Task item: Leave out the images and return all the data word for word.

Information provided:

+--

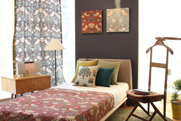 右手のハンガースタンド&チェアと、左手のサイドテーブルはヴィンテージ。ウィリアム・モリスのファブリックと良く合います。
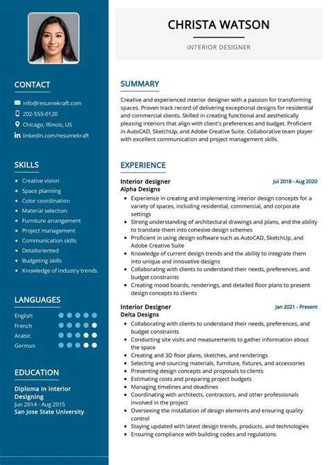 Ad create a perfect cv with our cv builder. Here's an example cv that you can use as inspiration to create your cv: Interior designer cv in 3 simple steps.
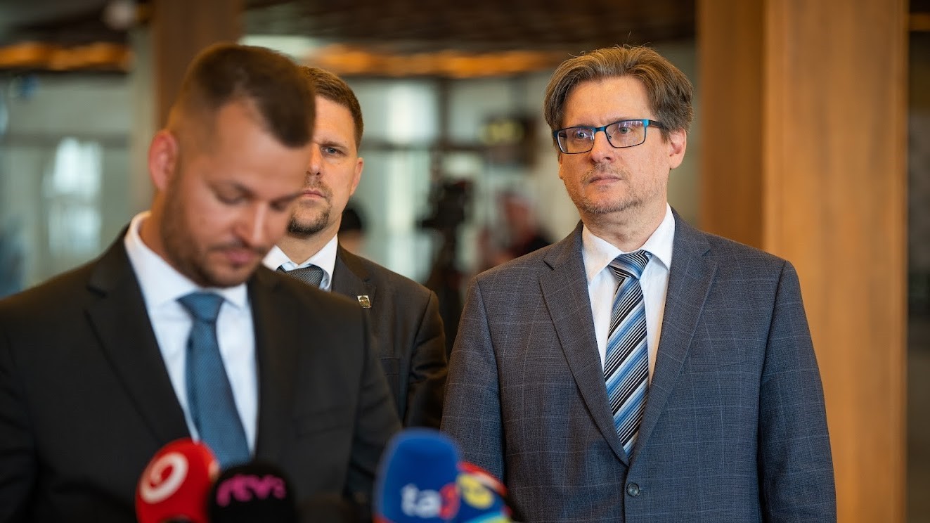 Poslanec Ľuboš Krajčír, za ním starosta Petržalky Hrčka a vpravo Milan Vetrák.
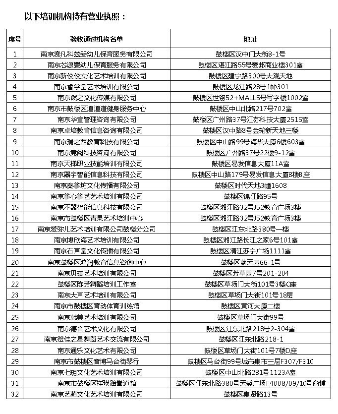 以下为鼓楼区社会培训机构(托育机构)复课督查第八批验收合格名单公示:

+--

Solution:
 右手のハンガースタンド&チェアと、左手のサイドテーブルはヴィンテージ。ウィリアム・モリスのファブリックと良く合います。
 Ad create a perfect cv with our cv builder. Here's an example cv that you can use as inspiration to create your cv: Interior designer cv in 3 simple steps.
 Poslanec Ľuboš Krajčír, za ním starosta Petržalky Hrčka a vpravo Milan Vetrák.
 以下为鼓楼区社会培训机构(托育机构)复课督查第八批验收合格名单公示:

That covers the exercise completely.